- Location in Goa, India Marra, Goa (India)
- Coordinates: 15°31′53″N 73°49′13″E﻿ / ﻿15.53139°N 73.82028°E
- Country: India
- State: Goa
- District: North Goa
- Taluka: Bardez

Government
- • Type: Panchayat

Languages
- • Official: Konkani
- Time zone: UTC+5:30 (IST)
- Vehicle registration: GA 03
- Nearest city: Mapusa
- Lok Sabha constituency: North Goa
- Website: goa.gov.in

= Marra, Goa =

Marra is a small village in North Goa's Bardez sub-district
or taluka. It falls in the Assembly constituency of Saligao. It is
surrounded by the areas of Candolim and Pilerne, among others.

==Area, population==
According to the 2011 Census, Marra has an area of 326.56 hectares, and a population of 516 households comprising 1,988 persons.

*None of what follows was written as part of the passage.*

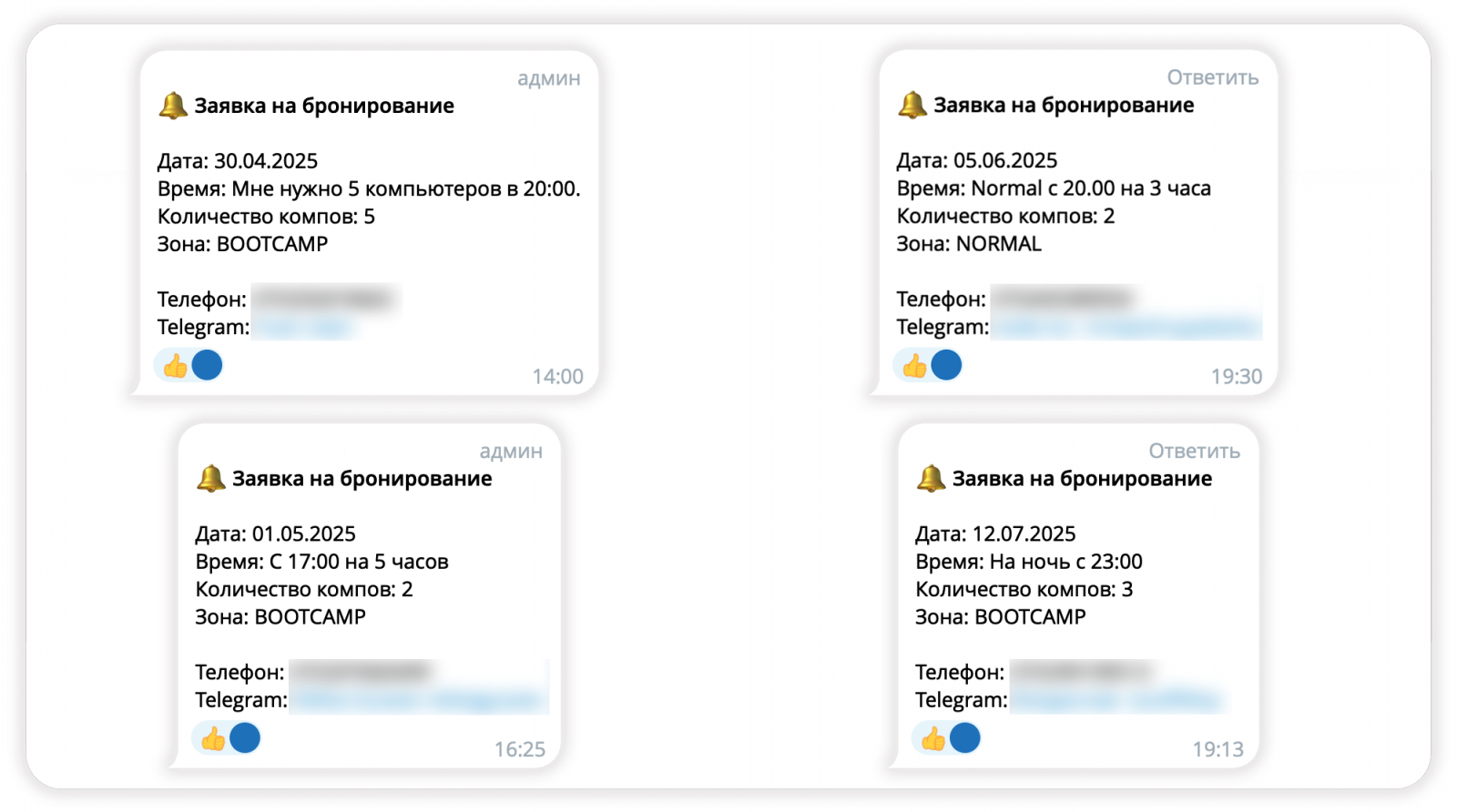 Бот запрашивает у пользователя основные данные: желаемое время посещения, количество компьютеров, контакты и передает заявку администраторам, которые связываются с человеком и подтверждают бронь.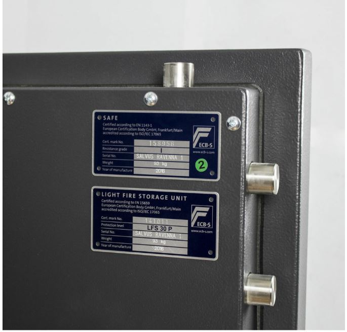 ECB-S gecertificeerde inbraakwerendheid volgens EN 1143-1 Grade I (indicatie waardeberging geld / kostbaarheden : € 10.000 / € 20.000)

Of these 1,029 are male and 959 are female. Children up to six years of age comprise 189 persons in this locality, of whom 99 are male and 90, female.

==Clean village==
In December 2018, Pilerne-Marra village panchayat won the clean village award for North Goa.

==Panchayat==
The local panchayat (village authority) in Marra is jointly run with neighbouring Pilerne. It has a presence on Facebook.

==Local groups==
Local activist groups in the area include the Pilerne Citizens' Forum, which has raised issues of local governance and fairness of decision-making. Given the area's proximity to the fast-urbanising area of Porvorim, many land-related debates have come up in the region.